Based on these two findings, I can verify that LLMs capture useful representations for predicting aspect located near the verb token. However, only the verb token position is linked to a part of speech while other positions are somewhat arbitrary. The next investigation should instead group hidden layer outputs based on semantic roles, keeping in mind that neighboring positions might also encode some of the desired information.I would also be able to test sentences with multiple event verbs, since parsers generally assign roles to a target verb. The results of this experiment could paint a more complete picture of aspect representation in LLMs, especially if different layers produce better probes for each semantic role.

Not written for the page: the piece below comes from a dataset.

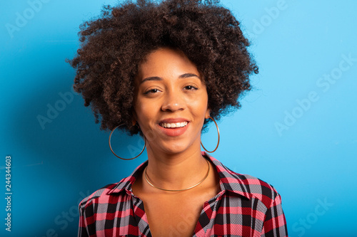 Portrait of cool young black woman laughing against blue wall - Imagem
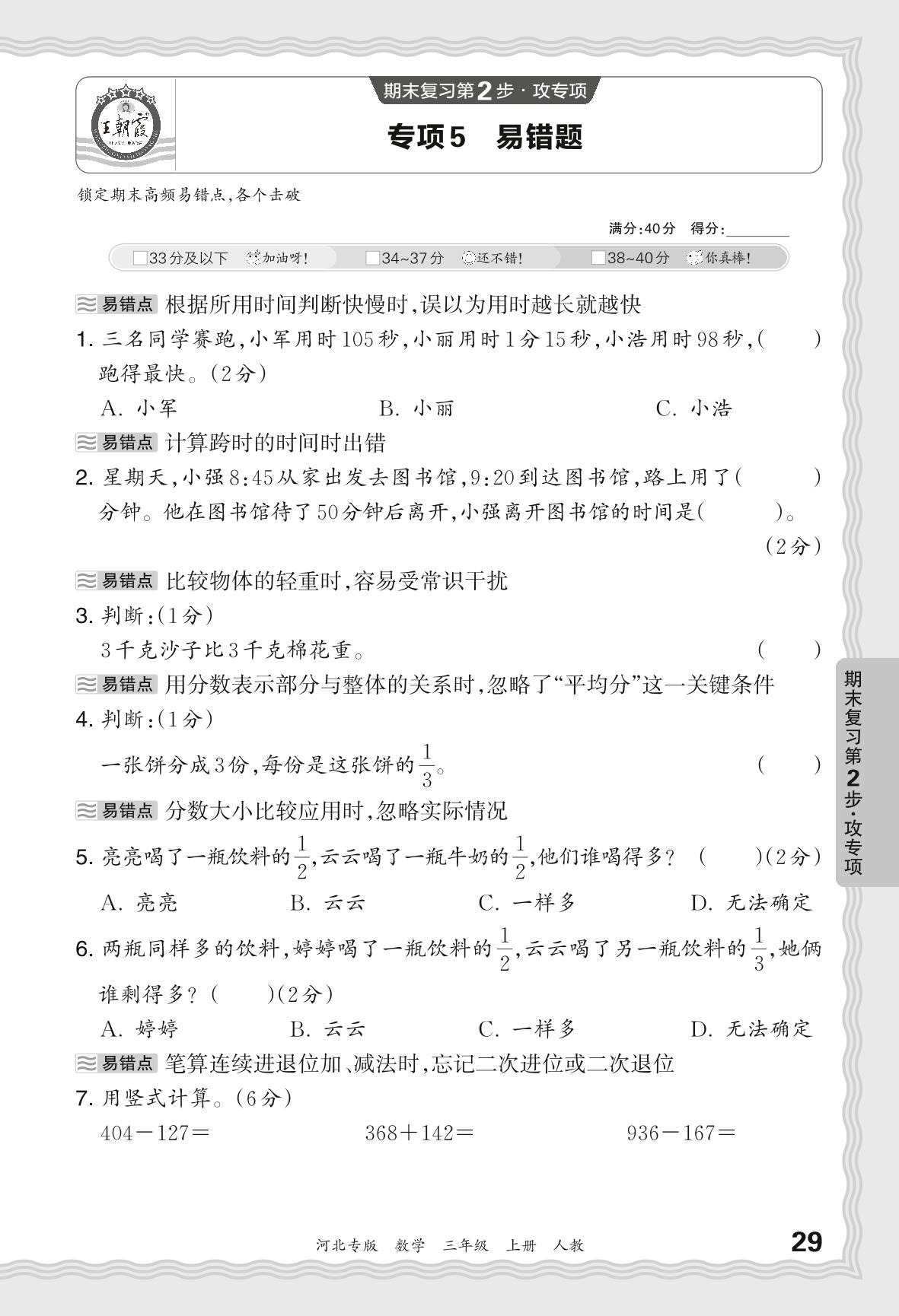 2023秋上册三年级数学人教版 期末专项·易错题【5】

Takeaways for your probing experiments

  1. Hypothesize about model behavior by thinking about how humans conceptualize information to focus your lens. If I didn’t think about verb positions, my data would not look clear at all.
  2. Find the easiest experiment to run and investigate iteratively. Verifying my hypotheses about intermediate layers and token positions ensures that helped me find the next place to look.
  3. Run multiple versions of the same experiment: probing is an art, not a science. I wouldn’t have figured out my gradient issue if I just had one heatmap to look at and probably would have concluded that BERT doesn’t capture aspect.
  4. Sometimes features are non-linear, so it’s always smart to test with different types of probes. However, if your probes get too complex you should benchmark with randomized data to ensure that your findings are real.